Da ich noch Schüler bin denke ich so an die 100€ Klasse...

Ich kann mich nicht zwischen einer Shimano Beast Master 425 BX und einer Cormoran Seacor Surfmaster entscheiden, ich könnte beide für jeweils 80€ bekommen.

Gibt es hier jemanden der beide Ruten schonmal in der Hand hatte? Im Forum hier findet man für beide nur positive Kritik. Ich konnte sie bisher leider nur online betrachten...

Falls es euch weiterhilft, ich bin 1,86m groß und habe ziemlich viel Wurferfahrung.


----------



## boot (21. Oktober 2007)

*AW: Entscheidungshilfe für Brandungsruten*



Guppyfreund schrieb:


> Da dies mein erster Post ist sage ich erstmal hallo! #h
> 
> Mein Name ist Sven, ich wohne im Norden Schleswig Holsteins und bin dem Brandungs- und Meerforellenangeln verfallen
> 
> ...


Hallo ich habe zwar nicht beide Ruten aber die Cormoran Seacor habe ich die Rute ist finde ich gut.Die Rute ist nicht zu schwer und auch nicht zu hart und bei deiner Größe von 1,86 ist sie ok.lg#h


----------



## dorschiie (21. Oktober 2007)

*AW: Entscheidungshilfe für Brandungsruten*

ich sehe da kein problem.
wenn du deinen dealer(tackle)gut kennst frag ihn doch einfach ob du mal mit der ruten werfen darfst.
und dann siehst du welsche dir liegt.#h


----------



## Guppyfreund (22. Oktober 2007)

*AW: Entscheidungshilfe für Brandungsruten*

Ich müsste entweder online bestellen oder 100km fahren (Kaki), deswegen frage ich ja hier ob die schonmal jemand verglichen hat...
Hier oben gibts die beiden bei keinem meiner Dealer :c


----------



## MFT-Chris (22. Oktober 2007)

*AW: Entscheidungshilfe für Brandungsruten*



Guppyfreund schrieb:


> Ich müsste entweder online bestellen oder 100km fahren (Kaki), deswegen frage ich ja hier ob die schonmal jemand verglichen hat...
> Hier oben gibts die beiden bei keinem meiner Dealer :c


 
Ich hab mir die Shimano auch gerade bei MoritzKK gekauft und bin damit vollstens zufrieden, bin allerdings Brandungsneuling und hab noch nicht ganz soviel erfahrung, allerdings ist der Preis unschlagbar #6, guck doch mal ob Du die beim Händler ums Eck, nicht wenigstens mal in die Hand nehmen kannst 

Gruß Chris


----------



## Tomverl (22. Oktober 2007)

*AW: Entscheidungshilfe für Brandungsruten*

Hallo erstmal,
Auch ich werde mir bald zwei neue Ruten zulegen und hoffe auf ein par Tips von euch.

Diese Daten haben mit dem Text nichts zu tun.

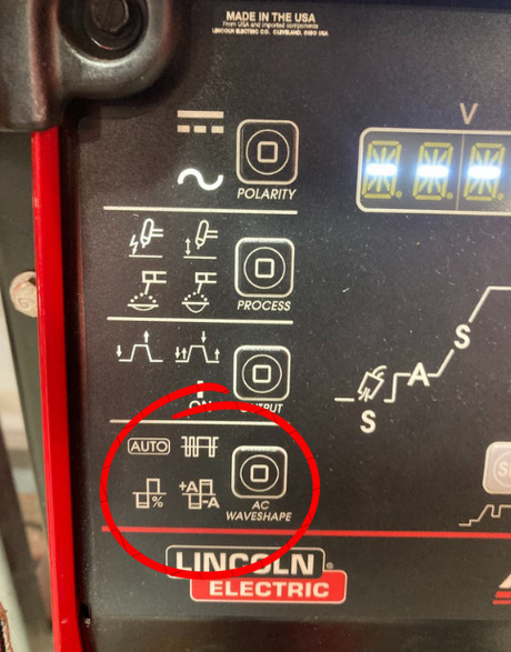 Adjust the background settings. Locate the bottom AC Waveshape button. Click it and use the main dial knob to set the following for AC aluminum Gas Tungsten Arc Welding. AC Waveshape Settings: Frequency - 150 Hz Balance - 80% Preflow - 2 seconds Postflow - autoAC frequency button.png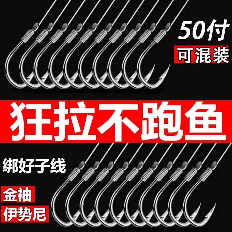 加强版50付鱼钩绑好子线双钩成品套装野钓金袖袖钩伊豆伊势尼鱼钩

Es sollen entweder die Shimano AntaresSurf XT250 oer die Speedmaster Surf werden.

Bei der Speedmaster gfällt mir die verstellmöglichkeit des Rollenhalters,
die Antares hat das anscheinend nicht

vieleicht hat ja einer von euch Erfahungen mit dieen Ruten

Gruß Tomverl


----------



## Marcel1409 (23. Oktober 2007)

*AW: Entscheidungshilfe für Brandungsruten*



Tomverl schrieb:


> Es sollen entweder die Shimano *AntaresSurf XT250 *oer die Speedmaster Surf werden.



Was`n das fürn Knüppel?! Hast `n Link?!

edit: Habs gefunden... Was willst du denn mit `nem Tele-Knüppel für die Brandung?!


----------



## degl (23. Oktober 2007)

*AW: Entscheidungshilfe für Brandungsruten*

@Guppyfreund

geh mal davon aus,das die Shimano Beastmaster etwas mehr "Härte und Rückrad" als die Cormoran hat(ist doch die Silberne ?) ....habe beide mal probegeworfen...............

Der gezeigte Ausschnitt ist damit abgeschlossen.